Soft and shapeless, the pants transfixed The Boy from the moment he brought them inside.  “Mother,” he asked, “how was I not previously aware of the splendor and the glory of après-school pants?”  (He has never avoided hyperbole, however.)

Now, as nights reach their absolute longest and badminton games occur in short, but fierce, bursts (no net, no rules, no daylight, stop crying), sweat pants are what The Boy wears after school and for entire weekends at a time, all the time.  He rarely argues and even occasionally inquires about my life (which also has no net).  He sends off lovely emails to his teachers, plays his music at a reasonable volume and sometimes flosses.  It’s as if aliens, nice and polite aliens, take over while he nestles deep within the sweatpants.

Oh, he still litters his room with discarded Kind bar wrappers (which I also should have bought in bulk) and has yet to swap out his gym clothes, but for $13.99 I have a teen who is gentle and sweet (and so not mine).

Until the pants give out.

Perhaps the best preventative action is to not launder the pants too often.

And so we learn from the children.

Karma and The Golden Globes

16 Jan

blog image golden globe

Re: Karma.  Don’t you love when this happens to you:

Six years ago, Spouse met a Guy on a plane.  The Guy was like any of us- fumbling through life, drinking cheap wine and waiting for a sign.  Well, he was like any English major I’ve ever known, anyway.

Lacking either a plan or money, The Guy moves to Paris, marries a model, has two kids, moves to Australia then returns to the US whereupon his wife opens an Ayurveda smoothie/pet spa and becomes “the” darling of the Los Angeles Ayurveda-celebrity-pet-smoothie-spa set while I’m still trying to complete a bathroom renovation and get my now six years older car to pass inspection.

And it’s not that we don’t appreciate Ayurveda pet smoothie bars in upstate NY, it’s just that we prefer whole milk all the time.

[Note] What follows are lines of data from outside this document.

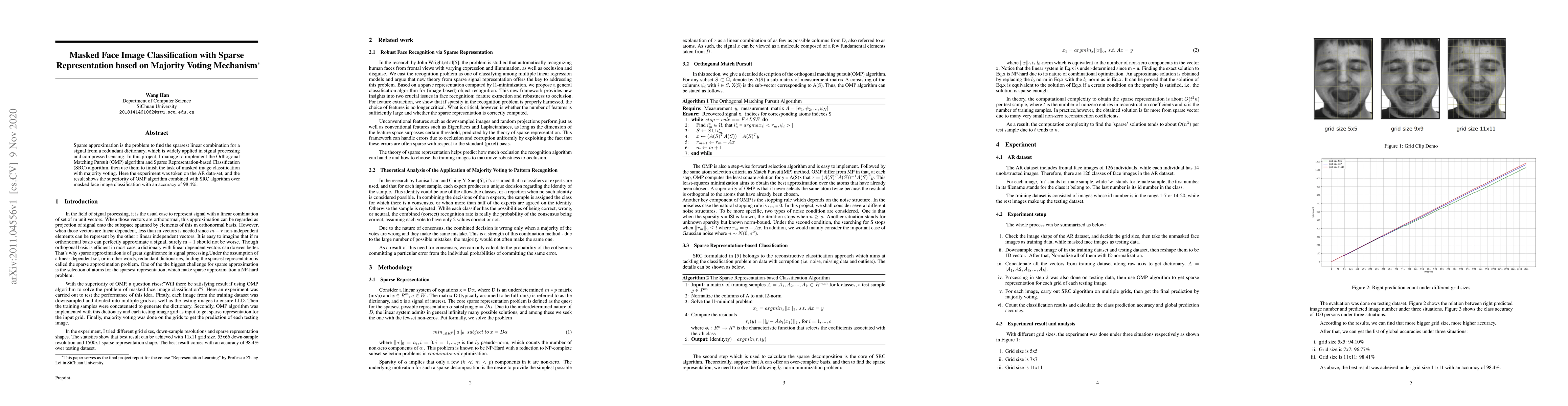 Sparse approximation is the problem to find the sparsest linear combination for a signal from a redundant dictionary, which is widely applied in signal processing and compressed sensing. In this project, I manage to implement the Orthogonal Matching Pursuit (OMP) algorithm and Sparse Representation-based Classification (SRC) algorithm, then use them to finish the task of masked image classification with majority voting. Here the experiment was token on the AR data-set, and the result shows the superiority of OMP algorithm combined with SRC algorithm over masked face image classification with an accuracy of 98.4%.
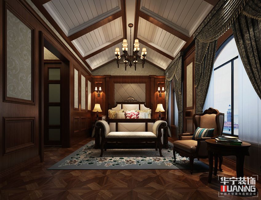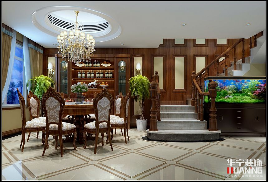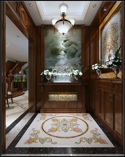 本案用材以實木護墻、微晶石地磚、玉石為主,體現(xiàn)美式風格的莊嚴和貴氣,并呈現(xiàn)美式生活的休閑和浪漫,在其文化氛圍的烘托下雕刻出精致與大氣并存。
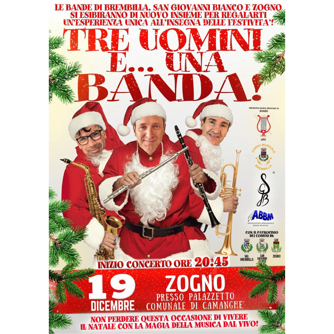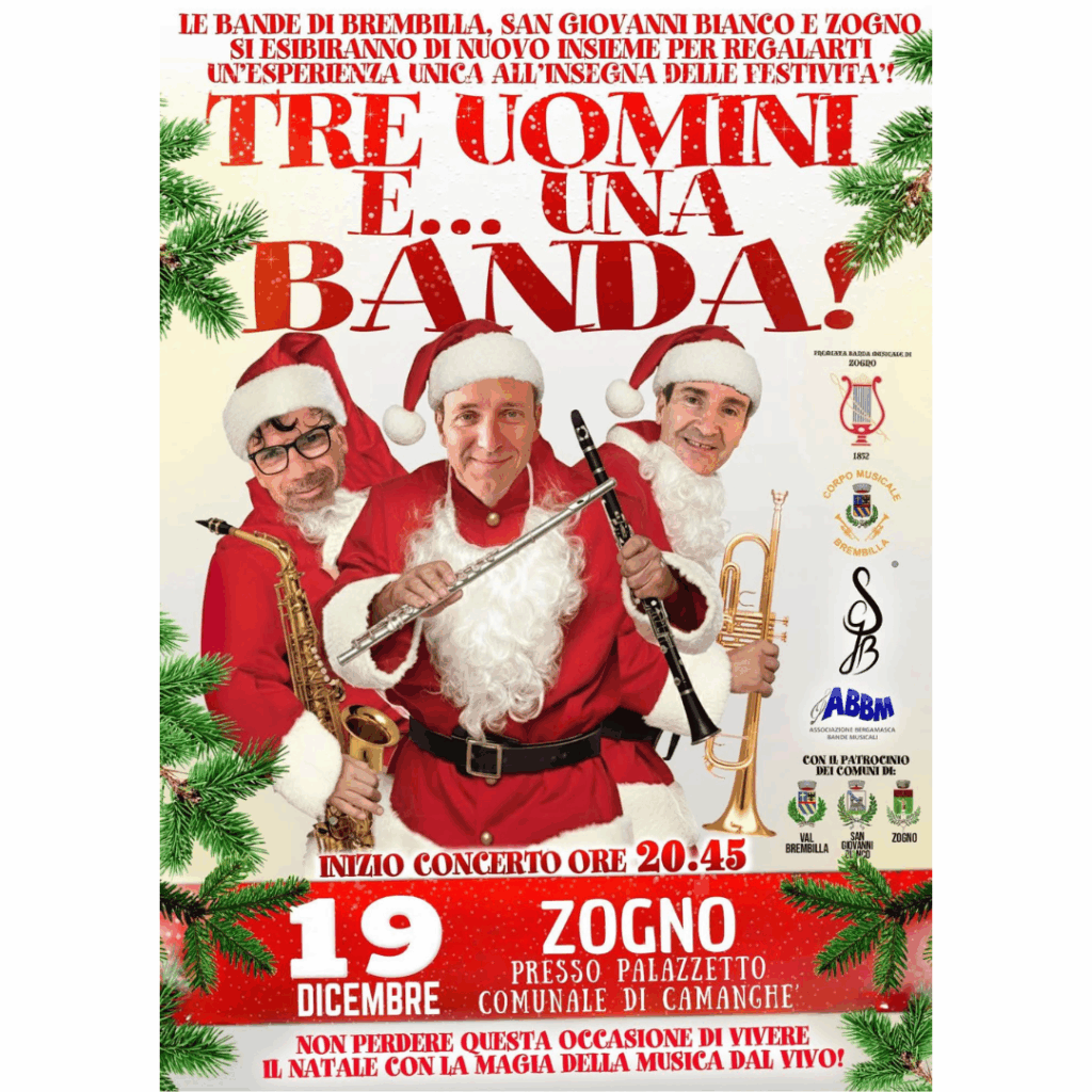 Le bande di Brembilla, San Giovanni Bianco e Zogno si esibiranno di nuovo insieme per regalarti un'esperienza unica all'insegna delle festività!

Fast forward to Sunday night when, while channel-surfing, Spouse spots The Guy at The Golden Globe Awards.  The Golden Globes which, I suspect, have little to do with either geography or transition metals but seem to attract a tanned, relaxed, champagne-sipping crowd.

“There’s The Guy!” he yelled.

“That isn’t fair!” I cried.

And by “that,” I meant “life.”

And by “isn’t,” I meant “is not.”

And it’s true: life is not fair.

Never was, never will be- it’s just that being reminded stinks.

But, like good luck, justice and sweatpants, karma also has an ebb and flow.  (Well, maybe not the sweatpants.  There’s no excuse for sweatpants.)

So, occasionally, when all my pontificating and prognosticating, all the contemplations and reflections on living that I have blathered at my kid (ad nauseam- just ask him and hold for the eye roll), the advice, the pep-talks, the verbiage in/verbiage out, the blow-hardness of my very existence, all of it, comes back at me with the force of a statuette to the face and the kid asks: “What?  He looks like a nice guy.”

I remember that karma works.

And I love when good karma happens to me.